Root records carry exactly one # in the SK; every sub-record shape (#QUERY#…, #PROFILE#SEARCH#…, #AGENTIC_CONFIG, …) appends further # segments. See _exclude_non_index_settings_items, index_settings_repository.py:509-534.

GSIs

GSIpkskUse
GSI_IndexRootsByNamepkindex_nameSparse — only root records have index_name. List index roots without scanning sub-records.
GSI_ShopifyDomainshopify_domainskResolve a Shopify domain → index settings (webhook routing). Sparse: only rows with shopify_domain set.

How to look up X

  • An index's full config: get-item by pk = system_account_id, sk = INDEX#{index_name}. (Mirrors get_index_config, index_settings_repository.py:150-173.)
  • Just the add_docs_config: same get-item, with a projection on add_docs_config.
  • The account-level defaults: get-item sk = INDEX#DEFAULT_CONFIGS.

Canonical CLI

Get an index's add_docs_config:

aws dynamodb get-item \
--table-name prod-EcomIndexSettingsTable \
--key '{"pk": {"S": "kl7a9h55"}, "sk": {"S": "INDEX#shopify-e513a8-4"}}' \
--projection-expression "add_docs_config" \
--profile controller --region us-east-1

Drop --projection-expression for the whole record. To list every config record for an account, query the pk with begins_with(sk, "INDEX#").

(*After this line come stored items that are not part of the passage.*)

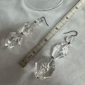 Long chunky abstract style clear bead dangle earrings
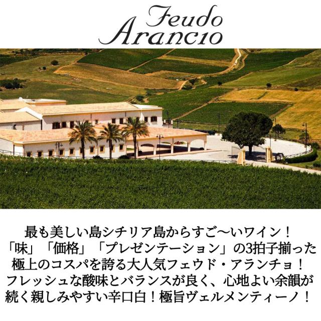 最も美しい島シチリア島からすご?いワイン! 「味」「価格」「プレゼンテーション」の3拍子揃った 極上のコスパを誇る大人気フェウド・アランチョ! フレッシュな酸味とバランスが良く、心地よい余韻が 続く親しみやすい辛口白!極旨ヴェルメンティーノ!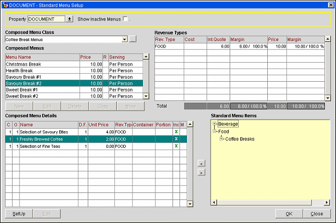 Multi-choice menu creation follows the same process as the normal composed menu creation. The differences will be mainly in the way the Order and Course are defined and in the calculation of the Revenue Types (cost, and item price).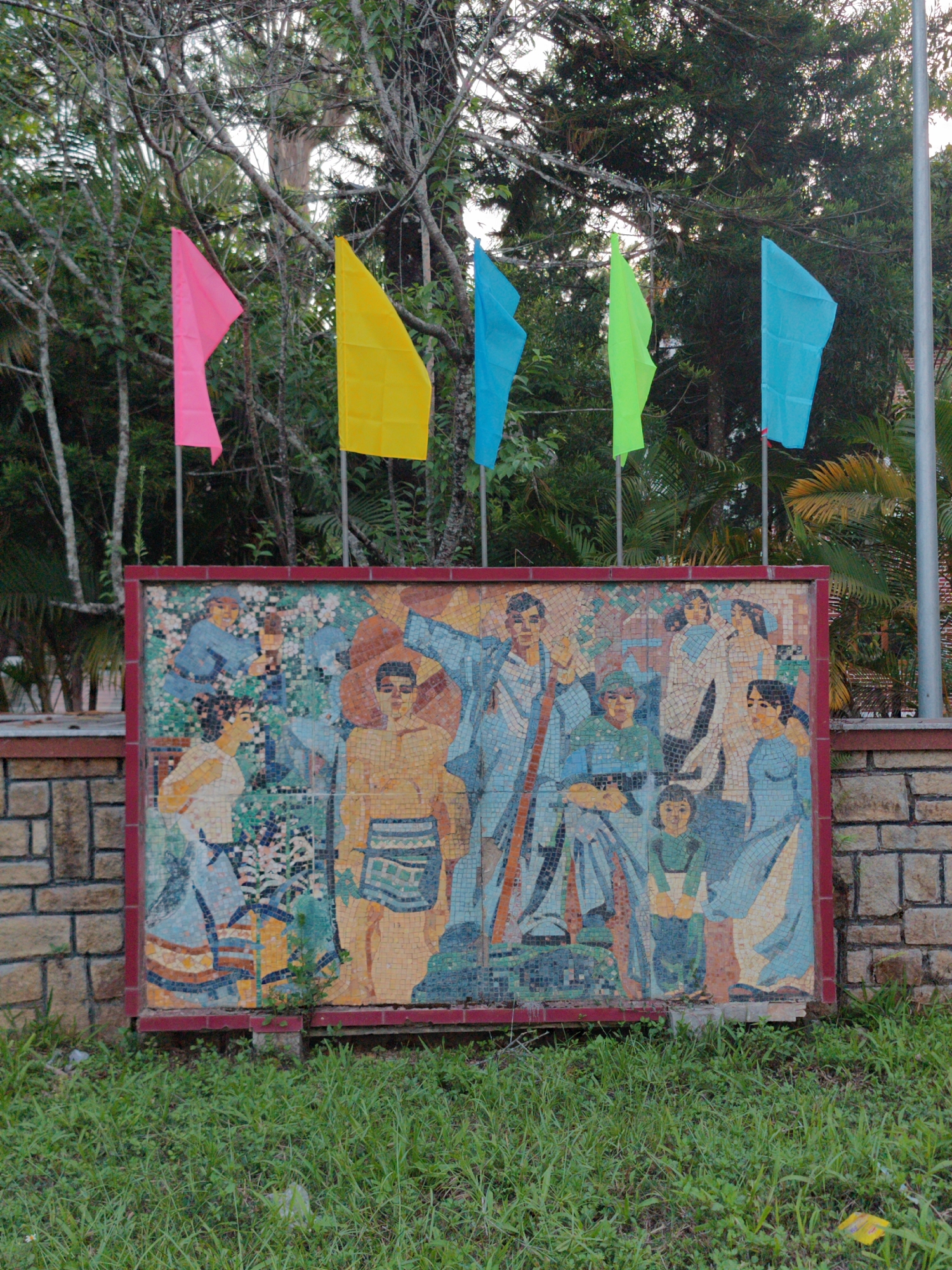 The image depicts a large mosaic artwork on a stone wall, positioned in front of a grassy area. The artwork, featuring a scene with people depicted in a mosaic style, is framed by a red border and shows figures dressed in various attires. The mosaic depicts men, women, and a child. Five flags of different colors (pink, yellow, blue, green, and blue) are placed behind the wall. The backdrop includes trees and greenery. The scene appears to be in Cam Ly - Đà Lạt, Vietnam.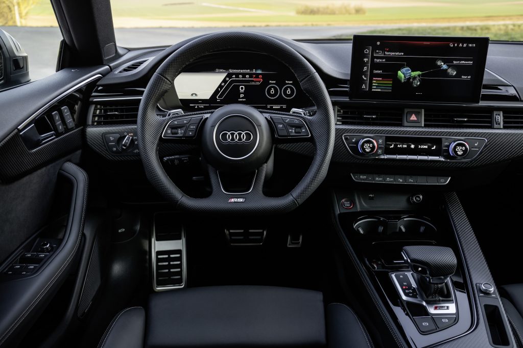 Επιπλέον, εμφανίζονται η επιτάχυνση και οι χρόνοι γύρου σε πίστα. Το πεπλατυσμένο δερμάτινο τιμόνι RS, πλήρως διάτρητο, με νέα paddles αλουμινίου, διαθέτει επίσης το κουμπί “RS MODE”, που χρησιμοποιεί ο οδηγός για να επιλέξει mode λειτουργίας “RS1” ή “RS2” και το οποίο ανοίγει αυτόματα τις ειδικές οθόνες RS στο Audi virtual cockpit. Διαθέσιμο προαιρετικά και head-up display, για την εμφάνιση πολλών λειτουργιών στο παρμπρίζ του αυτοκινήτου.
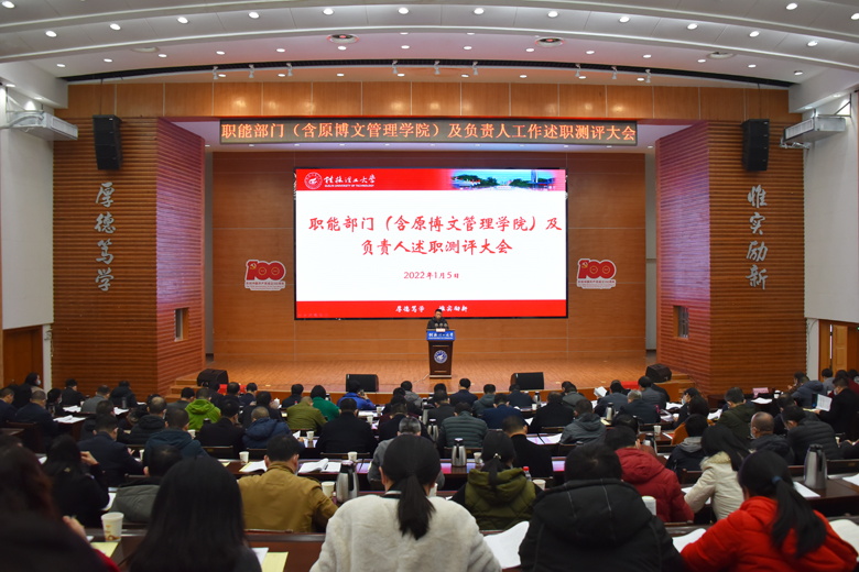 1月5日,学校在屏风校区图书馆报告厅召开2021年职能部门负责人和二级学院院长述职测评大会暨秋季学期期末工作会。校领导解庆林、吴志强、王玫、周国清、梁福沛、王敦球、韦学敏、邓国彬、曾繁荣出席会议,学校党委副书记齐俊斌主持会议。全体中层干部,民主党派及无党派人士代表,部分党代会、教代会代表参加会议。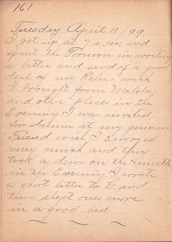 I got up at 7 a.m. and spent the Fornoon in writing a letter and send of a good seal of my Relics wich I brought from Malolas and other places in the Evening I was invited for dinner at my german Friend wich I enjoyed verry much and then in the Evening I wrote a short letter to G and then slept ones more in a good bed

3. Shopify entities — prod-ShopifyEntitiesTable

Single-table store for per-shop OAuth sessions, API keys, and settings. This is where scripts retrieve the Shopify Admin API access token.

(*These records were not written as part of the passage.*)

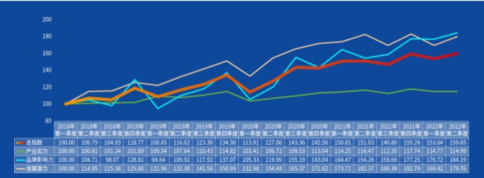 發展潛力指數反彈回升。仙游創新思路,運用平臺經濟模式推動傳統產業轉型升級,以“房地產+家裝”場景一體化定制模式、倉儲交易共享中心模式、跨境電商模式以及“仙作+”融合營銷模式拓展市場。在深耕線下市場的同時拓展線上市場,仙游抖音電商直播基地網絡銷售業績優良。仙游鼓勵工藝人傳承創新,注重各級各類工藝人才培養和儲備,加強知識產權保護、行業質檢保障制度建設,提升仙作產業的創新潛力和發展質量,使仙作產業不斷煥出發展生機。二季度,仙作發展潛力指數較上一季度環比增長6.1%,指數呈現反彈回升。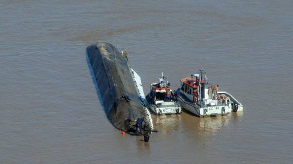 La nave, de 15 metros de manga (ancho), quedó recostada sobre el lecho del río en un lugar donde la profundidad es de doce metros, por lo que exhibe su lateral izquierdo sobre la superficie.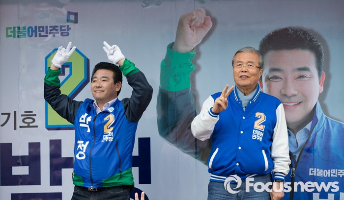 | △ 박정 후보 지원유세 나선 김종인 대표 |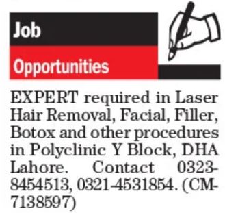 Laser Skin Clinic jobs advertisement dated about 13 October 2023 in daily The News Newspaper invites application for the vacant post of laser hair removal expert, facial expert and botox expert in Lahore, lahore Punjab Pakistan. Preferred Education is Intermediate and Matric etc.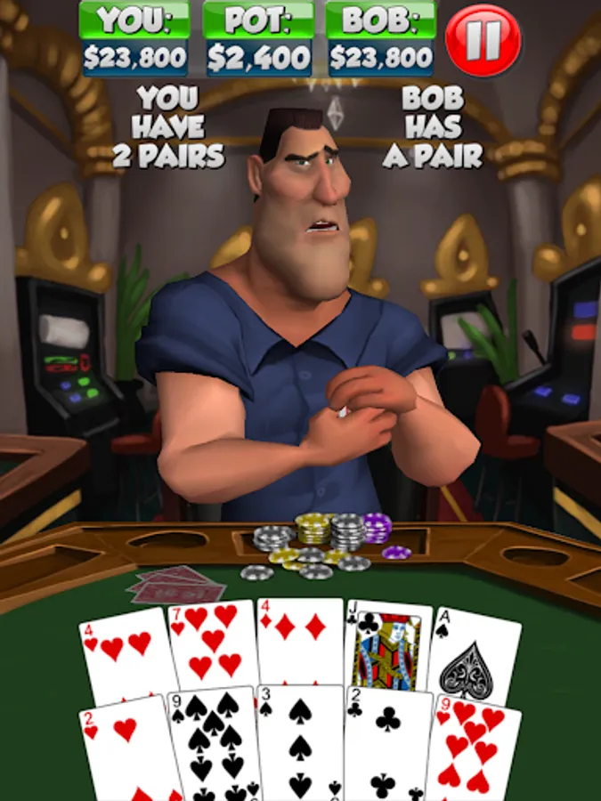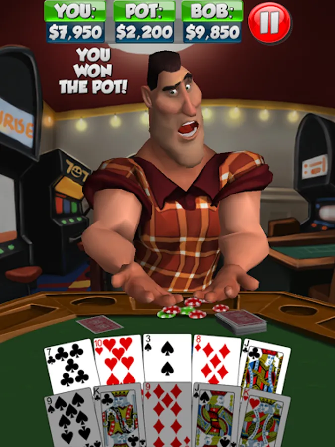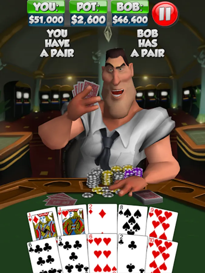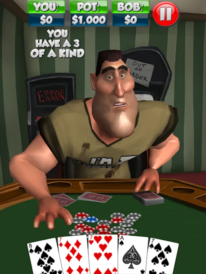 "Poker With Bob" is a draw poker game like no other! The player faces off against Bob, a real time, fully animated 3d character loaded up with several minutes of lip synced animation. He rants and raves when he loses and taunts the player mercilessly when he wins.

Source of truth: shopify_entities.py (entity models + SK shapes, shopify_entities.py:15-50), database.py (key prefixes, database.py:8-42), shopify_graphql.py (token retrieval, get_shopify_access_token, shopify_graphql.py:57-113), and shopify_admin_stack.py (setup_shopify_entities_table, shopify_admin_stack.py:828-876).

Key schema

KeyFormatentity_type
pk (S)SHOP#{shop_domain}— (e.g. SHOP#cool-store.myshopify.com)
sk (S)USER#{user_id}SESSION (OAuth session, has access_token)
sk (S)API_KEYAPI_KEY
sk (S)SETTINGSSETTINGS (UI components, active_index, system_account_id)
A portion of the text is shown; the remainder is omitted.